____ Source material

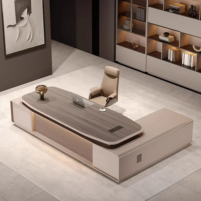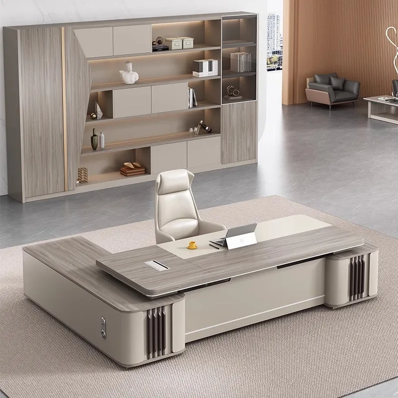 Superviseur de lumière de luxe moderne Boss Manager bureau de direction de luxe avec tiroirs de rangement de lampe bureaux d'ordinateur bibliothèque grande
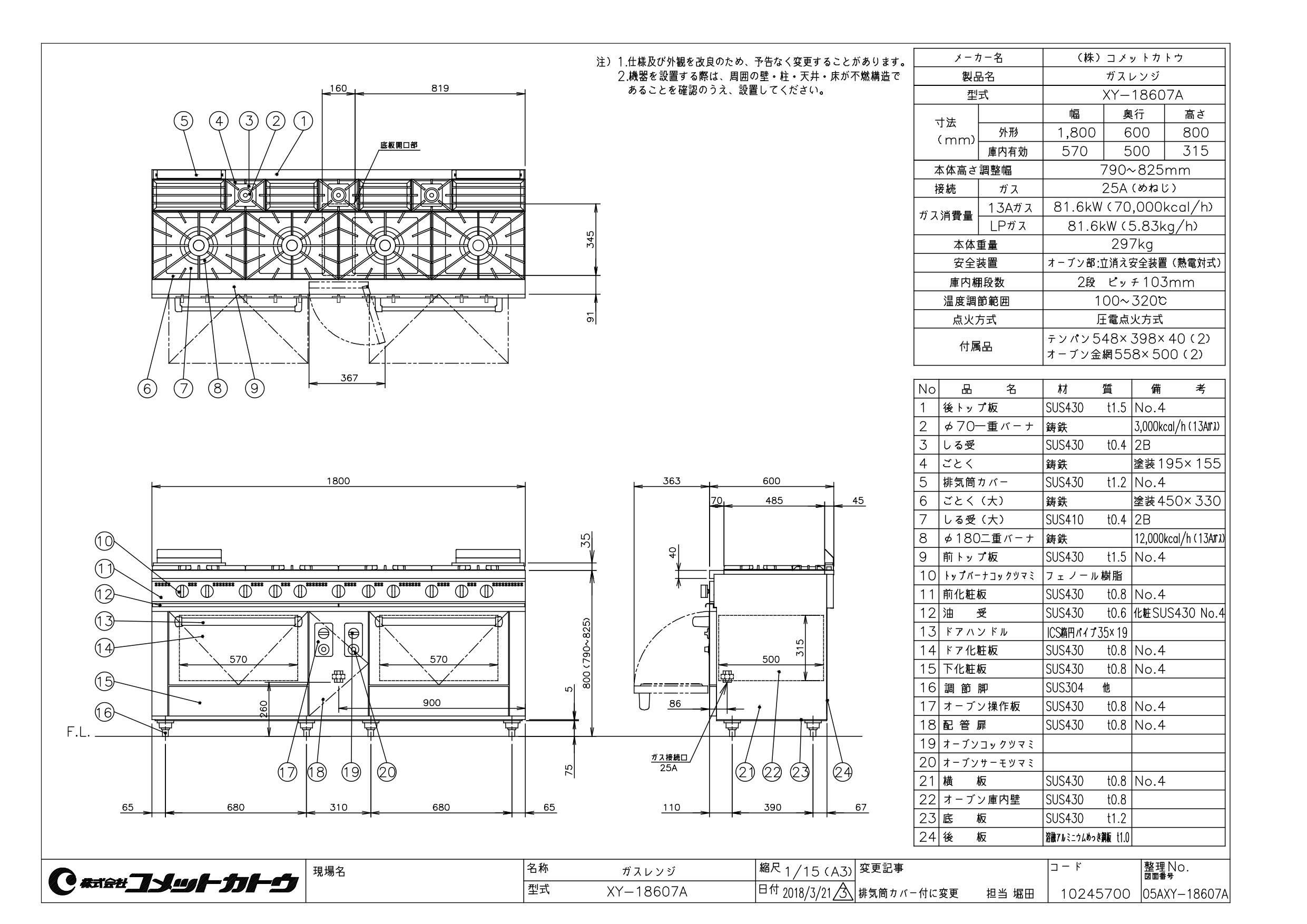 特記事項:トップバーナー個数:2重バーナ 直径180(12,000kcal/h) 4個、1重バーナ 直径100(4,000kcal/h) 3個
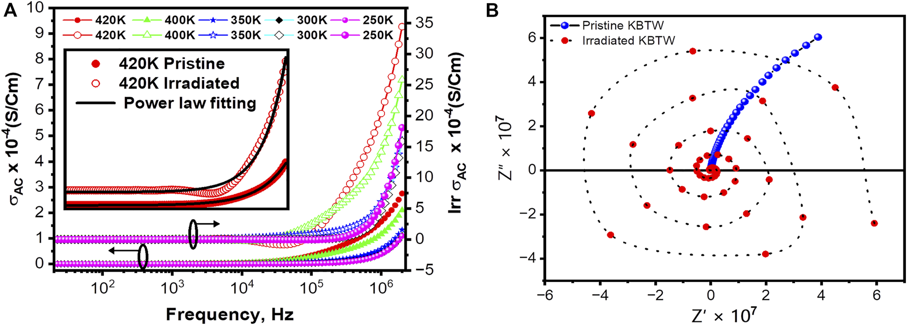 (A) The frequency dependence of conductivity for pristine and irradiated KBTW. The inset shows the deviation from Johncher’s law post irradiation. (B) The Comparative Nyquist plot in case of pristine and irradiated KBTW. The irradiated sample shows a spiral curve suggesting strong inductive effects at lower frequency.
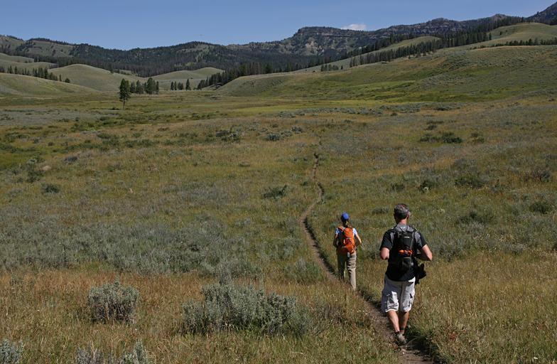 MAKE A MEME View Large Image yellowstone national park yellowstonenationalpark yellowstone national park nationalpark hikers outdoor landscape hill grassland field plain mountain mountainside foothill Hikers on Dailey Creek Trail; Jim Peaco; August 2010; Catalog ...

________

Since the pictures are not wanted, repeat only the rest of the material, exactly as given.

 Superviseur de lumière de luxe moderne Boss Manager bureau de direction de luxe avec tiroirs de rangement de lampe bureaux d'ordinateur bibliothèque grande
 特記事項:トップバーナー個数:2重バーナ 直径180(12,000kcal/h) 4個、1重バーナ 直径100(4,000kcal/h) 3個
 (A) The frequency dependence of conductivity for pristine and irradiated KBTW. The inset shows the deviation from Johncher’s law post irradiation. (B) The Comparative Nyquist plot in case of pristine and irradiated KBTW. The irradiated sample shows a spiral curve suggesting strong inductive effects at lower frequency.
 MAKE A MEME View Large Image yellowstone national park yellowstonenationalpark yellowstone national park nationalpark hikers outdoor landscape hill grassland field plain mountain mountainside foothill Hikers on Dailey Creek Trail; Jim Peaco; August 2010; Catalog ...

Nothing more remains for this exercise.